Goal of the exercise →
Output the entries exactly as they appear. Pictures should not be included.

Items listed in a dataset
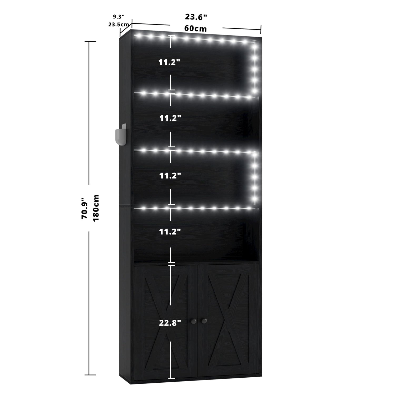 IRONCK 70-Inch Tall Industrial Bookcase with LED Lights for Home Office and Living Spaces
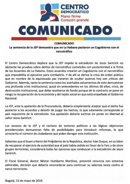 Con una enérgica carta, el expresidente y senador Álvaro Uribe y la bancada del Centro Democrático rechazaron la decisión de la JEP de no extraditar a Jesús Santrich y acusaron al expresidente Juan Manuel Santos de pactar “un cogobierno con el narcotráfico” en La Habana. Declaraciones que no le cayeron bien al exnegociador de paz Humberto de la Calle, quien las consideró como incendiarias y con el objetivo de volver invivible el país y obstaculizar la justicia. De la Calle aprovechó el comunicado para arremeter contra la renuncia del fiscal Néstor Humberto Martínez y defender el acuerdo de paz, del que fue artífice y que permitió el surgimiento del tribunal de paz.
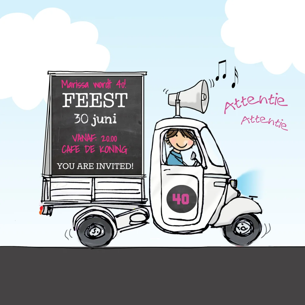 Uitnodiging feest 40 jaar geworden met tekening witte vespa ape. (1545)
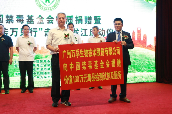 图为广州万孚生物技术股份有限公司向中国禁毒基金会捐赠毒品检测试剂及服务。
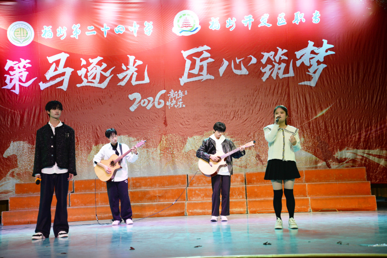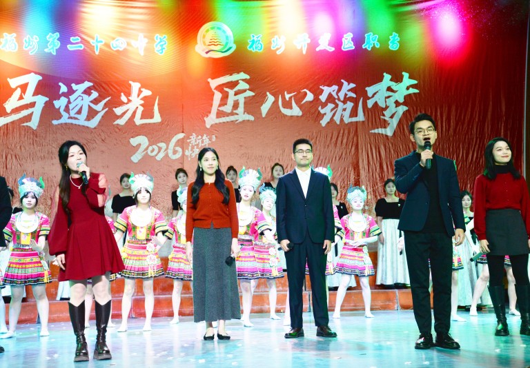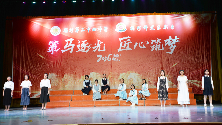 灯火璀璨映笑脸,笑语盈盈庆新元。12月30日晚七点,福州第二十四中学、福州经济技术开发区职业中专学校2026元旦晚会隆重上演。师生欢聚一堂,以歌舞寄情、以欢笑传暖,在辞旧迎新的温馨氛围中,共赴一场充满青春活力与家国情怀的视听盛宴,喜迎马年新春的到来。

Response to this exercise →
 IRONCK 70-Inch Tall Industrial Bookcase with LED Lights for Home Office and Living Spaces
 Con una enérgica carta, el expresidente y senador Álvaro Uribe y la bancada del Centro Democrático rechazaron la decisión de la JEP de no extraditar a Jesús Santrich y acusaron al expresidente Juan Manuel Santos de pactar “un cogobierno con el narcotráfico” en La Habana. Declaraciones que no le cayeron bien al exnegociador de paz Humberto de la Calle, quien las consideró como incendiarias y con el objetivo de volver invivible el país y obstaculizar la justicia. De la Calle aprovechó el comunicado para arremeter contra la renuncia del fiscal Néstor Humberto Martínez y defender el acuerdo de paz, del que fue artífice y que permitió el surgimiento del tribunal de paz.
 Uitnodiging feest 40 jaar geworden met tekening witte vespa ape. (1545)
 图为广州万孚生物技术股份有限公司向中国禁毒基金会捐赠毒品检测试剂及服务。
 灯火璀璨映笑脸,笑语盈盈庆新元。12月30日晚七点,福州第二十四中学、福州经济技术开发区职业中专学校2026元旦晚会隆重上演。师生欢聚一堂,以歌舞寄情、以欢笑传暖,在辞旧迎新的温馨氛围中,共赴一场充满青春活力与家国情怀的视听盛宴,喜迎马年新春的到来。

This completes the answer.